DATA BLOCK:
====

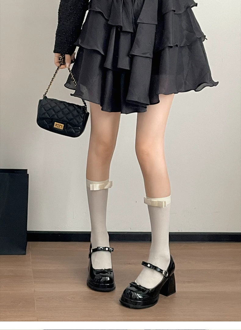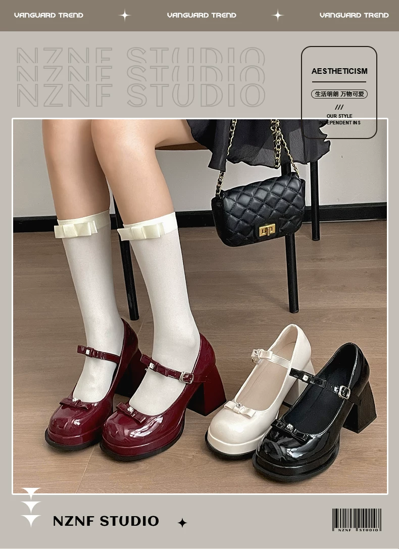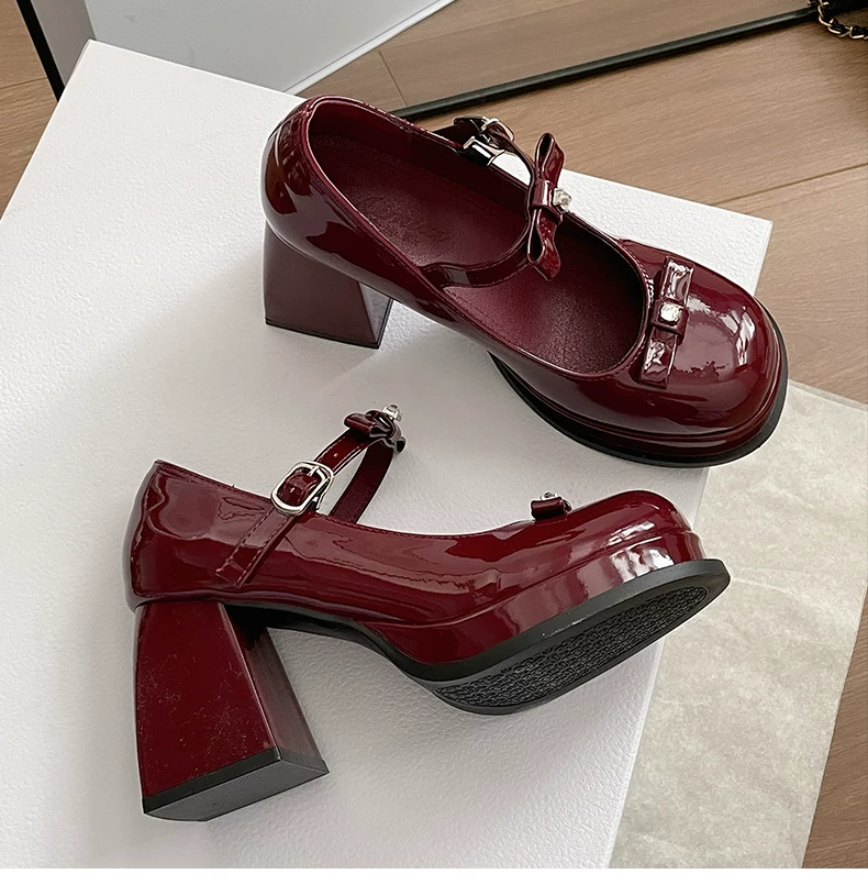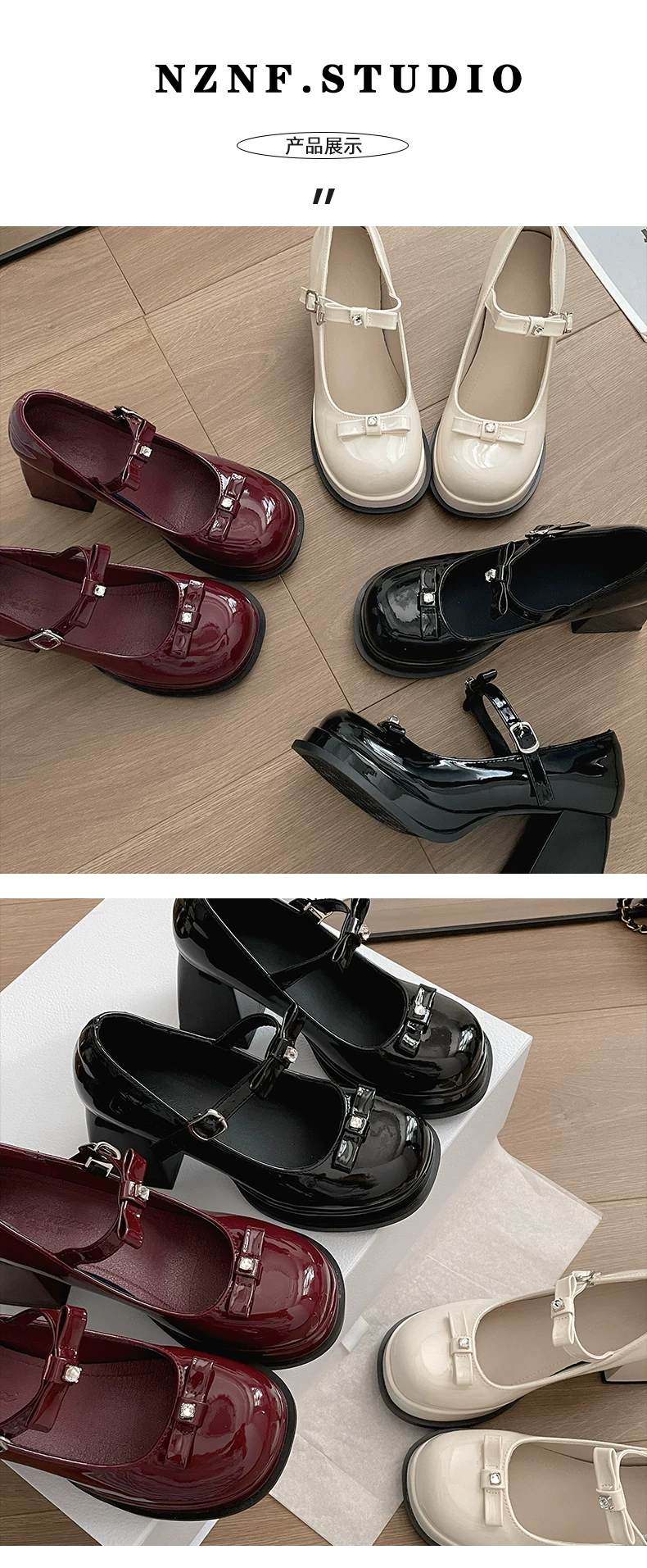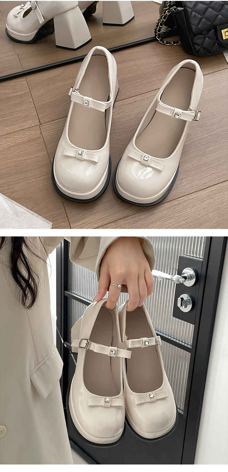 - Giày cao gót đế thô kiểu Pháp cổ điển màu trắng dành cho phụ nữ nhỏ nhắn, mẫu mới thu đông 2025, giày Mary Jane đa năng phối cùng chân váy.
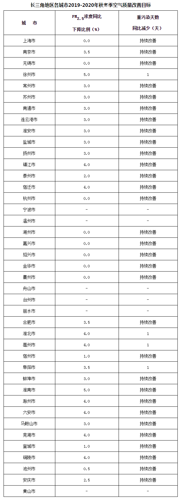 附件:1.长三角地区各城市2019-2020年秋冬季空气质量改善目标
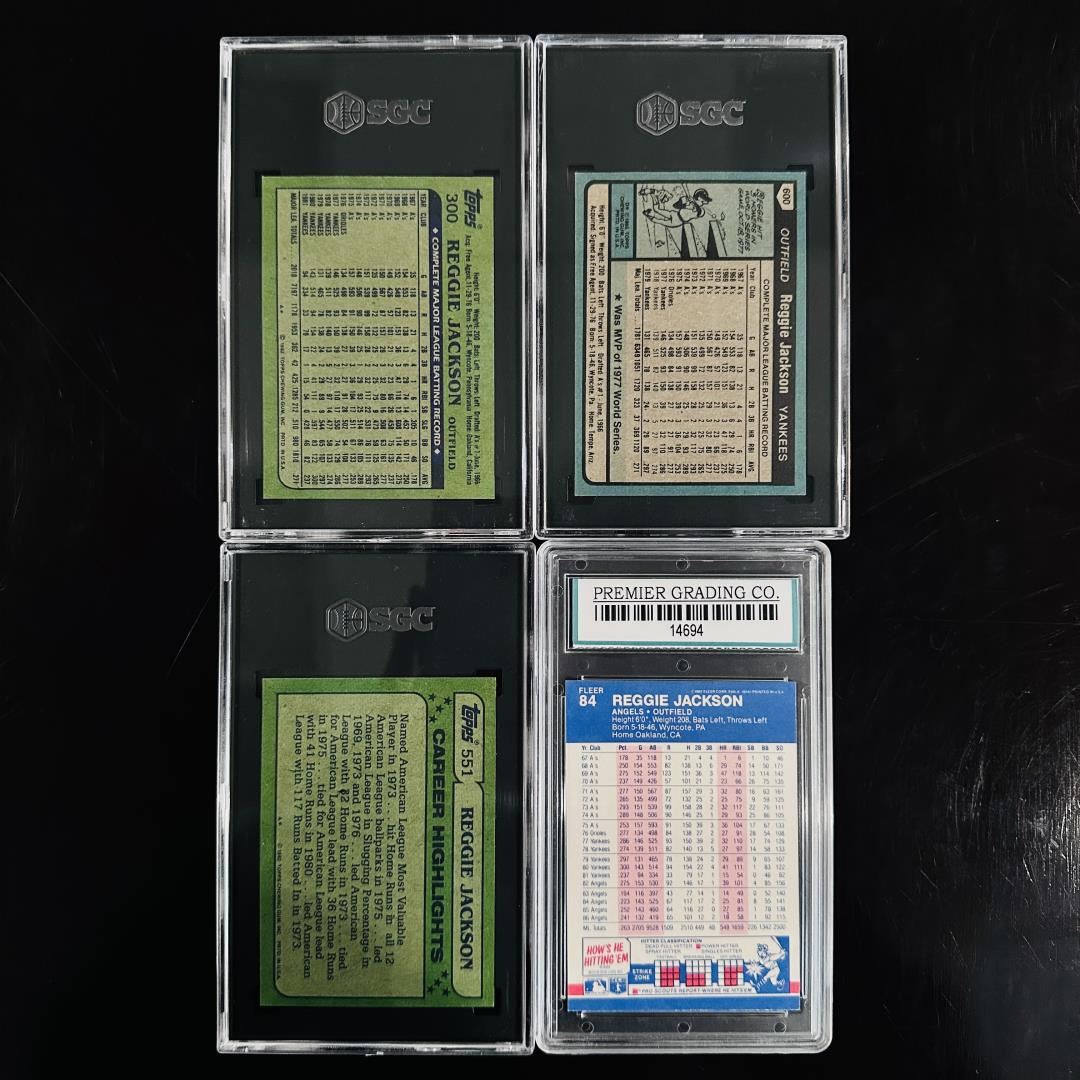 This four-card lot features legendary slugger Reggie Jackson across various stages of his career. Included are a 1982 Topps #300 graded SGC 7.5, a 1980 Topps #600 graded SGC 7, a 1982 Topps All-Star #551 graded SGC 6.5, and a 1984 Fleer #84 graded 8.5 by Premier Grading Co. These vintage cards highlight Jackson in Yankees and Angels uniforms, showcasing his iconic presence in MLB history. A great group of graded cards ideal for Reggie Jackson collectors and fans of Hall of Fame talent.

====

EXERCISE AIM: Give back all of the data exactly, but not the pictures.

SOLUTION BELOW:
 - Giày cao gót đế thô kiểu Pháp cổ điển màu trắng dành cho phụ nữ nhỏ nhắn, mẫu mới thu đông 2025, giày Mary Jane đa năng phối cùng chân váy.
 附件:1.长三角地区各城市2019-2020年秋冬季空气质量改善目标
 This four-card lot features legendary slugger Reggie Jackson across various stages of his career. Included are a 1982 Topps #300 graded SGC 7.5, a 1980 Topps #600 graded SGC 7, a 1982 Topps All-Star #551 graded SGC 6.5, and a 1984 Fleer #84 graded 8.5 by Premier Grading Co. These vintage cards highlight Jackson in Yankees and Angels uniforms, showcasing his iconic presence in MLB history. A great group of graded cards ideal for Reggie Jackson collectors and fans of Hall of Fame talent.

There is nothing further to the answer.